At this point, the situation was that we had been running together for the vast majority of the last 50 miles, 15k ft of climbing, and 10 hours. I had 250 feet over a half mile to forge a lead substantial enough to weather a 2.5 mile downhill that drops 2k. Considering he had caught me in less than half that distance when I had large leads, I was not optimistic. There was nothing left to do but try. Again, I threw myself towards the summit of Tremper, trying to extract every possible inch with each step. Cresting the top, I went into full on panic mode and ran for my life. Apparently I was only about 2 minutes ahead of my 2014 split. After about a mile of descending as if being chased by the devil himself, I glanced behind me and could not spot Andy. Given his teleporting talents, I was still in an extreme state of paranoia and sacrificing my feet and legs for the sake of a very insignificant difference in finish order. I could hear the road, but the descent would not end. I finally thought I might be able to make it to the road in the lead, which would mean I would have to hammer to get out of sight. The roughest section of the downhill is just prior to the road, and my legs almost dropped me as I stumbled down and directly into traffic. I really didn’t care if I got hit by car at that point, at least then I could lay down. Once I started down the road, I almost jumped over the guardrail to try and hide from Andy. The pace on my Garmin was not encouraging, and the tenths could not pass quickly enough.

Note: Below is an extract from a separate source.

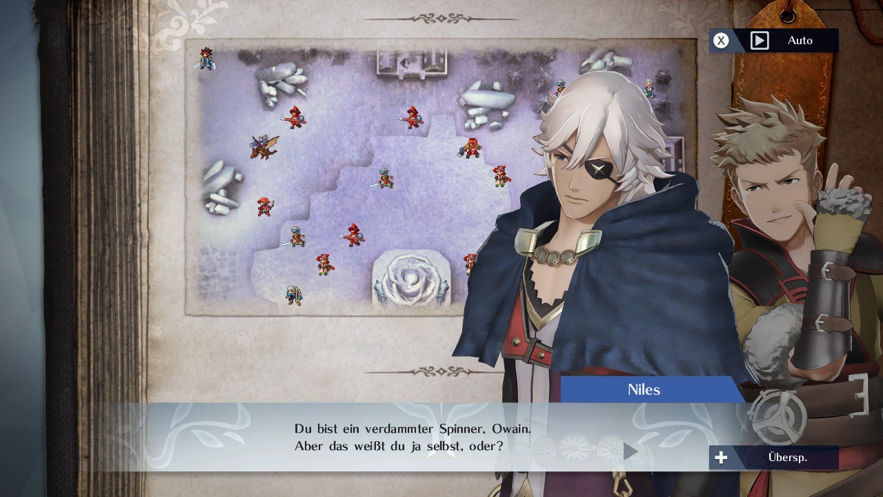 Doch natürlich sind die neuen Helden nicht ohne weitere Gastgeschenke eingetroffen. Gleich drei neue Karten für den Historischen Modus haben sie im Gepäck, die jeweils mit einem Meistersiegel zur Beförderung des Trios daherkommen. Für die Karten standen selbstverständlich drei weitere Missionen aus Fire Emblem Fates Pate. In „Trauernde Bestie“ erlebt ihr den Moment gegen Anfang des Spiels, in dem Corrins Drachenkraft erstmals erwacht. „Land der Götter“ lässt euch den etwas exzentrischen Herrscher Izana Shiida treffen, nur um dann in eine Falle zu tappen. Und in „Eisiger Empfang“ dreht sich alles um einen Besuch der mit Nohr alliierten Corrin in einem Schnee-Dorf, das eine Rebellenzelle beheimatet. Klingt an und für sich ziemlich cool, nur leiden die Karten an einem grundlegenden Problem von Fire Emblem Warriors' Bonus-Modus: Sie bringen nichts wirklich neues in Sachen Spielablauf mit, weil sich aus dem Grundkonzept wenig herausholen lässt. Stattdessen schlagt ihr euch nach und nach durch die Missionen, um die eintrudelnden Verstärkungen auszuschalten und irgendwann den Kartenboss in die Knie zu zwingen. Wirklich interessante Abwandlungen dieses Schemas oder interessante Gimmicks, wie es bei den Abenteuer-Karten von Hyrule Warriors der Fall war, sucht man leider vergebens.

I’m not sure I’ve ever been so relieved to reach a finish line, and this is the standard expression for all Manitou’s Revenge finishers. After 54 miles, Andy was less than two minutes behind, with our times and Jan’s CR being the only times under 11 hours, which I think will become the ultra version of a sub 3 hour run at Escarpment. Andy’s run was really impressive, and we could not have that fast with each other’s help. Despite all my years of racing, it is still hard to precisely match my ability and current fitness with a course on a specific day, and I don’t think I could have run one second faster out there. At the end of the day, we ran respectfully and intelligently aggressive, and forged a friendship at the same time. Adam recovered to hold onto third place, Jason Kolb ran strong for fourth, and Manitou took out Jan with a back strain after a slip early on. On a large map of the Catskill Mountains, the course traverses from the top to the bottom. While driving down the Northway, I can point out the Escarpment course to my boys at a single time. With Manitou, I point to the start area, drive a half hour to Kaaterskill, and then drive another half hour to Tremper, with most of the visible ridgelines along the way being part of the course. As someone who for years had only Escarpment and 7 Sister’s for truly outstanding mountain racing, we are so lucky to have races like Manitou, Breakneck, Whiteface, Catstail, and others.

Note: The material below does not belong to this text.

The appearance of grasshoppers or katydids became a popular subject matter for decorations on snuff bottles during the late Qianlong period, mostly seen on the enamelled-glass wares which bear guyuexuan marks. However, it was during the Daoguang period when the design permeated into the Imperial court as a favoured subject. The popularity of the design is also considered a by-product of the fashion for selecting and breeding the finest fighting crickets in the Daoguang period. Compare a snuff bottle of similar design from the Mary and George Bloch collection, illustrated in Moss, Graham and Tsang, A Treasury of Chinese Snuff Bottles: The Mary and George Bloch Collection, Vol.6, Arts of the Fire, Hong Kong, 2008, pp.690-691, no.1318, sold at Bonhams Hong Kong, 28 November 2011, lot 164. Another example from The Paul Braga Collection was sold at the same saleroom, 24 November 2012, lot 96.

Many thanks to Charlie and the hordes of volunteers who make Mantou’s Revenge happen with some serious Sherpa action, including the gallons of Coke that kept me going all day. The gaps between aid stations are so long, it gets lonely out there and I look forward to seeing people. I should also mention the incredible MFP RNR team dinner at Brios, most notably the lamb poutine, over homemade thick cut potato chips. Phenomenal. A special thanks to my MPF RNR teammates, who always inspire.
At this point in my competitive running career, I am satisfied with what I've been able to do, but I have wanted to at least take a shot at winning Manitou for the past three years. While I was familiar with the most of the route in 2014 and knew how tough it was, I did not give it the respect it demanded. You don’t really race Manitou’s Revenge, you survive it, and the Dark Lord chooses who gets out first. For those who strive to obtain an advanced degree in Northeastern mountain racing, Manitou is the ultimate final exam, and I think I used all my 20 years of trail racing experience to make it to the finish. Congratulations to all the finishers of the ultra and the relay, and all who were crazy enough to line up at the start! If you can survive that, you can survive pretty much anything. For those that did not make it to the finish this year, Manitou is waiting for your return next year; get ready.